*** Provided material Section Begins ***

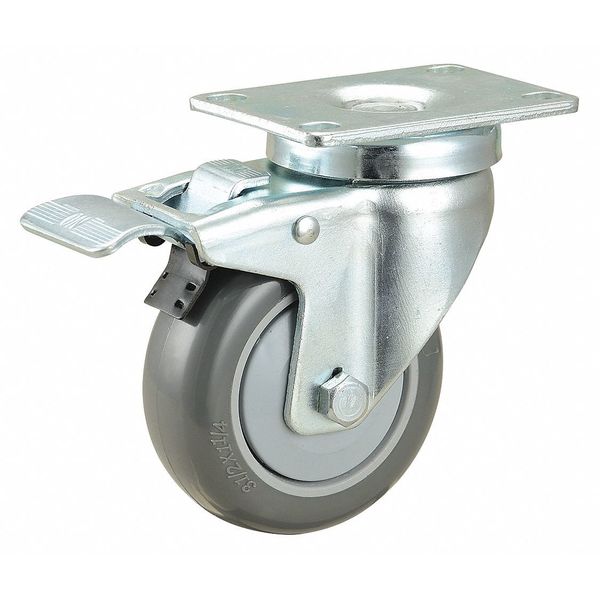 Plate Caster, 3-1/2" Wheel Dia., 275 lb.SKU G6874922Categories Material HandlingDescription Swivel, Standard Plate Caster, Load Rating 275 lb, Swivel Lock Type Total Lock, Wheel Dia. 3 1/2 in, Wheel Width 1 1/4 in, Wheel/Tread Material Polyurethane, Wheel Core Material Plastic, Non-Marking Yes, Number of Wheels 1, Caster Brake Type Total Lock Brake, Tread Shape Standard$12.21 / eachWeb price -
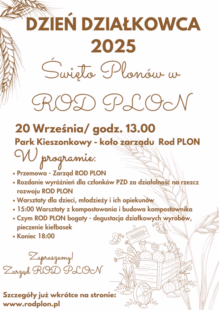 Zarząd ROD „PLON” ma zaszczyt zaprosić wszystkich działkowców wraz z rodzinami na Dzień Działkowca, który odbędzie się 20 września 2025 roku, start godzina 13:00, w Parku kieszonkowym przy Zarządzie ROD „PLON”.
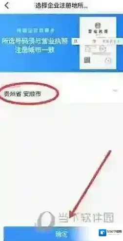 3、在打开的页面中,点击向下的箭头,选择企业注册地所在的城市。

*** Provided material Section Ends ***

# Exercise directions
Print all of the material exactly. Omit pictures.

# Answer section
 Plate Caster, 3-1/2" Wheel Dia., 275 lb.SKU G6874922Categories Material HandlingDescription Swivel, Standard Plate Caster, Load Rating 275 lb, Swivel Lock Type Total Lock, Wheel Dia. 3 1/2 in, Wheel Width 1 1/4 in, Wheel/Tread Material Polyurethane, Wheel Core Material Plastic, Non-Marking Yes, Number of Wheels 1, Caster Brake Type Total Lock Brake, Tread Shape Standard$12.21 / eachWeb price -
 Zarząd ROD „PLON” ma zaszczyt zaprosić wszystkich działkowców wraz z rodzinami na Dzień Działkowca, który odbędzie się 20 września 2025 roku, start godzina 13:00, w Parku kieszonkowym przy Zarządzie ROD „PLON”.
 3、在打开的页面中,点击向下的箭头,选择企业注册地所在的城市。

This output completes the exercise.